- [Task]: Please repeat exactly the lines below from the one containing "香格里拉昆明酒店是唯一可預訂" down to the one containing "ebenerdig, mit ca.", both included, and nothing else.

=== Begin Enclosure ===

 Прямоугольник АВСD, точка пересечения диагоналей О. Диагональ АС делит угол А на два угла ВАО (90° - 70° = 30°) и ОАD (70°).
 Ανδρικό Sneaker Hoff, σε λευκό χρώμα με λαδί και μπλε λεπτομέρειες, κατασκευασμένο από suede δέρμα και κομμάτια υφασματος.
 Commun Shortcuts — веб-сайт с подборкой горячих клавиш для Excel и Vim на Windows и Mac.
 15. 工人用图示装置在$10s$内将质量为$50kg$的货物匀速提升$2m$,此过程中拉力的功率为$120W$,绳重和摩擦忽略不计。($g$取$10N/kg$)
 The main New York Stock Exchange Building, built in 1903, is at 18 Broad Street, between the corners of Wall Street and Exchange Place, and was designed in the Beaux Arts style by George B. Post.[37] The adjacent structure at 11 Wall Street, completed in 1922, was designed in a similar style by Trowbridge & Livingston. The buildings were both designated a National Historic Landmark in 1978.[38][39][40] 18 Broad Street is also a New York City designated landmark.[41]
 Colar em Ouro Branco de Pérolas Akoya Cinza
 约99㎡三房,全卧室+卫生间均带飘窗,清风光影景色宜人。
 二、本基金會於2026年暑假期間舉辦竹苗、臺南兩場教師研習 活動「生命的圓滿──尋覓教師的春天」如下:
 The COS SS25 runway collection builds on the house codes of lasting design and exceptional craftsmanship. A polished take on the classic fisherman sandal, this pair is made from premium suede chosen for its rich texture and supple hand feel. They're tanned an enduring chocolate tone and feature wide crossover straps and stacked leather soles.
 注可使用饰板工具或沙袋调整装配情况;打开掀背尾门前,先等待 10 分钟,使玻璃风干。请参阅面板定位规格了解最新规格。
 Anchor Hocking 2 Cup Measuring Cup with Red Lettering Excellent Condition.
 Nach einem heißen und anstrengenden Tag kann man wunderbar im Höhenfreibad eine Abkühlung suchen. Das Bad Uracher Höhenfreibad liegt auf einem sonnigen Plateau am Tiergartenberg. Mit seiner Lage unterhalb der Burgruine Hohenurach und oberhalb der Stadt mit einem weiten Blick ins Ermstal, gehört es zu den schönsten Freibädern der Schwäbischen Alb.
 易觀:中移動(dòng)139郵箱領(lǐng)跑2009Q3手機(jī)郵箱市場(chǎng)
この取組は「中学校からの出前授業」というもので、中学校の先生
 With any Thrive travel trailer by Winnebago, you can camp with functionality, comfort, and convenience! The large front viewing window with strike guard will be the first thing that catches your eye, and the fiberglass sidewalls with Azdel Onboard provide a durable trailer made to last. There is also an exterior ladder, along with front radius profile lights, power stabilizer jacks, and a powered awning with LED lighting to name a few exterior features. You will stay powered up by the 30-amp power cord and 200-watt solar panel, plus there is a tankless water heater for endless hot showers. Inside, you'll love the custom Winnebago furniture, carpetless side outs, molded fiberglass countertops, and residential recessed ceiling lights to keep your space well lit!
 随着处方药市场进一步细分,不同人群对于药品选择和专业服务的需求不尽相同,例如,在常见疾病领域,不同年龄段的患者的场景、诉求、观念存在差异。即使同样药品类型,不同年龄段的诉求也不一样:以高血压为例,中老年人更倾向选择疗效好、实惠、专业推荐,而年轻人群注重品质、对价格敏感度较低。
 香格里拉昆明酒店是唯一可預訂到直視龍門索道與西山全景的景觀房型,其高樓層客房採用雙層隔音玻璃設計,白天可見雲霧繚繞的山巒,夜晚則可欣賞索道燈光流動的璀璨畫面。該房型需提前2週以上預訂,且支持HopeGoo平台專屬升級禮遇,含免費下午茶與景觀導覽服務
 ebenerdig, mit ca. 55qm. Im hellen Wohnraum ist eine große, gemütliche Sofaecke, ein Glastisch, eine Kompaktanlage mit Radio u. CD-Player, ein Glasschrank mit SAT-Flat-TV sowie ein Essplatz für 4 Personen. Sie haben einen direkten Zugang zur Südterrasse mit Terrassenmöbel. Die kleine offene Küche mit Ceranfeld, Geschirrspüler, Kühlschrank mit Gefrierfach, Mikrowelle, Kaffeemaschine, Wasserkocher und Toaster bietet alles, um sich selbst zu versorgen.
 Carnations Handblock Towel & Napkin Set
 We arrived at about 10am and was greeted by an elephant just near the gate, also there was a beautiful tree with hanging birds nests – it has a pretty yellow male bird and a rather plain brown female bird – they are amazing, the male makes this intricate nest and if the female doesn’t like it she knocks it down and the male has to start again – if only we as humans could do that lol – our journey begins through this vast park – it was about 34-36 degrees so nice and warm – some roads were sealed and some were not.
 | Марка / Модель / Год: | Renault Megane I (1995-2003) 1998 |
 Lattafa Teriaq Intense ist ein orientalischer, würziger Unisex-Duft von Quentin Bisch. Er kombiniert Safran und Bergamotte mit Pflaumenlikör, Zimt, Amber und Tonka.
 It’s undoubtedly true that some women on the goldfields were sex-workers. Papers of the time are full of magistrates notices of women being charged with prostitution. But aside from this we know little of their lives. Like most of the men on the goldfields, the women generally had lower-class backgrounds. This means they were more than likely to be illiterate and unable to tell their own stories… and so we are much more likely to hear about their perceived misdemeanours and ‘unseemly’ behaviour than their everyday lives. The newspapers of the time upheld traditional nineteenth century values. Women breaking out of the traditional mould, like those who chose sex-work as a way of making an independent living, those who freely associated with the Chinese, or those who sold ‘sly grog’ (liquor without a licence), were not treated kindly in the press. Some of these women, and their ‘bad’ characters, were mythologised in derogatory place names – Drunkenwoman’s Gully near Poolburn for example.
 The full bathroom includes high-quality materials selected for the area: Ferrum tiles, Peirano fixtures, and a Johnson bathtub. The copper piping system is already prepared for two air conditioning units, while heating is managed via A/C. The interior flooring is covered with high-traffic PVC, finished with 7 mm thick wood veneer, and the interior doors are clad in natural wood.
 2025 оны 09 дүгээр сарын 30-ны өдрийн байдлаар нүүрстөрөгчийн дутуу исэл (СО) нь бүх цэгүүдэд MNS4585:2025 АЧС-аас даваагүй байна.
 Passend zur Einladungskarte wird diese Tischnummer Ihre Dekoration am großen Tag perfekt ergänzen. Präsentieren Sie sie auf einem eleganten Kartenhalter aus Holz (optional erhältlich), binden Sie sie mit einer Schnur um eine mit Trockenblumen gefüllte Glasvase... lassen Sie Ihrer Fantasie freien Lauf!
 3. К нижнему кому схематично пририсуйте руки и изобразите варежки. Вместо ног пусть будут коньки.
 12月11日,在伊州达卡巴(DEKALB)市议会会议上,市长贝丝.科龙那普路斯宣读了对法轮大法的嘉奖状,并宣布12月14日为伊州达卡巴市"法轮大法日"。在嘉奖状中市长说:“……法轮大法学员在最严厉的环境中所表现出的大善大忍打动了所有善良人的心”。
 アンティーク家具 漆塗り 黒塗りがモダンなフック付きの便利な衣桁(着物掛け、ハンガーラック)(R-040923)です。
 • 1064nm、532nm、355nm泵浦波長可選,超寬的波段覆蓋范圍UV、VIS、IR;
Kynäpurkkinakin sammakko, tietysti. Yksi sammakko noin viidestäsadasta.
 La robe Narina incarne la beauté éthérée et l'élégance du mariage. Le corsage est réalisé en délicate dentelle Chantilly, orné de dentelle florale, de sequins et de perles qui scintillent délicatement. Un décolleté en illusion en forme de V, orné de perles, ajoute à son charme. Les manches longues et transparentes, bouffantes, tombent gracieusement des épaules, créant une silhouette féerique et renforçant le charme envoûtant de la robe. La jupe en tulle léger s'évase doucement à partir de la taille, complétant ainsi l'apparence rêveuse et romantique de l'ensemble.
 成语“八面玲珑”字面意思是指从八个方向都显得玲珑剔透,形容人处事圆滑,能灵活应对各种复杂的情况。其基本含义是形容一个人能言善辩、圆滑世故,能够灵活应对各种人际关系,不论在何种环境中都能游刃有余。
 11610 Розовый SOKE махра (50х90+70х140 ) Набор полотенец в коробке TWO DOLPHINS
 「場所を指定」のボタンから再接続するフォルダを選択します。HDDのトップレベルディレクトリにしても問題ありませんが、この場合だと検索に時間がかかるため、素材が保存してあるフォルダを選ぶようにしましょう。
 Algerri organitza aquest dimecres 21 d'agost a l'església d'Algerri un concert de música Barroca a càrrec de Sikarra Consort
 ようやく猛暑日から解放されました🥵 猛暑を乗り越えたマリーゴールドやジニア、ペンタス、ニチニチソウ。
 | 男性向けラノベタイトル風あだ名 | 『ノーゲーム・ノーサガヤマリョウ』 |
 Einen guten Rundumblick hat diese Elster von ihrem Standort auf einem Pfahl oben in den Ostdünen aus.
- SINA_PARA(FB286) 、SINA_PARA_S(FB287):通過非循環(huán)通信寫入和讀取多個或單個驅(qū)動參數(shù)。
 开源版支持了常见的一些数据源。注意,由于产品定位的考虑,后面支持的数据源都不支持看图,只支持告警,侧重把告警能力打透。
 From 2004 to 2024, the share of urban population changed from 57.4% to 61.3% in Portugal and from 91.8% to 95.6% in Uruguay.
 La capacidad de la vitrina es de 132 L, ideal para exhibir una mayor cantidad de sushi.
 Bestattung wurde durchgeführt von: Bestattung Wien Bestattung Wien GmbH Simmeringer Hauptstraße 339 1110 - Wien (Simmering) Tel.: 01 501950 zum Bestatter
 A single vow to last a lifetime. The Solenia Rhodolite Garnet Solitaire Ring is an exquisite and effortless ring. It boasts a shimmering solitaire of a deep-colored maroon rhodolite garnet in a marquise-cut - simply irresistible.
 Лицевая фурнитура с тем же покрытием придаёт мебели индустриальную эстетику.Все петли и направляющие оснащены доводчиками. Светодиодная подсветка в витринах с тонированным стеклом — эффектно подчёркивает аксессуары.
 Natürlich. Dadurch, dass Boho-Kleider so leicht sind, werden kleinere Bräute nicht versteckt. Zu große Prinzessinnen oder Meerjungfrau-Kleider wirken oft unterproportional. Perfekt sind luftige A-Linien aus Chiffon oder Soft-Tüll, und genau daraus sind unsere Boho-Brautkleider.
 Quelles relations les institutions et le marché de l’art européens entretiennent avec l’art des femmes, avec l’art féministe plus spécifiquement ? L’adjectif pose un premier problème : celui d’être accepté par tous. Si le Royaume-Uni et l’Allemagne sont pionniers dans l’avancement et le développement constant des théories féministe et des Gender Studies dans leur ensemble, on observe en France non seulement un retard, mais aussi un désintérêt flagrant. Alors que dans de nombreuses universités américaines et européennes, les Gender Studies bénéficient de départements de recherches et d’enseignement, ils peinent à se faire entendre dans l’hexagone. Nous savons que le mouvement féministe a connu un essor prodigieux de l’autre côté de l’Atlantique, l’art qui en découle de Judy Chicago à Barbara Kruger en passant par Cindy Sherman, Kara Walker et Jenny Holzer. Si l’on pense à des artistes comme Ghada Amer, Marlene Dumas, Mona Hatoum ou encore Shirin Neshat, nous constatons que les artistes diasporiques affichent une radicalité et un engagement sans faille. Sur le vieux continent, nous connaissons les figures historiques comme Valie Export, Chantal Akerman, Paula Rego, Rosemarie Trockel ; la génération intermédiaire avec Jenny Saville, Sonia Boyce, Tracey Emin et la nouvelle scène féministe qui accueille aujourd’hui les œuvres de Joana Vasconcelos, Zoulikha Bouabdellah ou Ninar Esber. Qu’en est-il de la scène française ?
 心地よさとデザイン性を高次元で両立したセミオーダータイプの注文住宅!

=== End Enclosure ===

- [Task answer]:
 香格里拉昆明酒店是唯一可預訂到直視龍門索道與西山全景的景觀房型,其高樓層客房採用雙層隔音玻璃設計,白天可見雲霧繚繞的山巒,夜晚則可欣賞索道燈光流動的璀璨畫面。該房型需提前2週以上預訂,且支持HopeGoo平台專屬升級禮遇,含免費下午茶與景觀導覽服務
 ebenerdig, mit ca. 55qm. Im hellen Wohnraum ist eine große, gemütliche Sofaecke, ein Glastisch, eine Kompaktanlage mit Radio u. CD-Player, ein Glasschrank mit SAT-Flat-TV sowie ein Essplatz für 4 Personen. Sie haben einen direkten Zugang zur Südterrasse mit Terrassenmöbel. Die kleine offene Küche mit Ceranfeld, Geschirrspüler, Kühlschrank mit Gefrierfach, Mikrowelle, Kaffeemaschine, Wasserkocher und Toaster bietet alles, um sich selbst zu versorgen.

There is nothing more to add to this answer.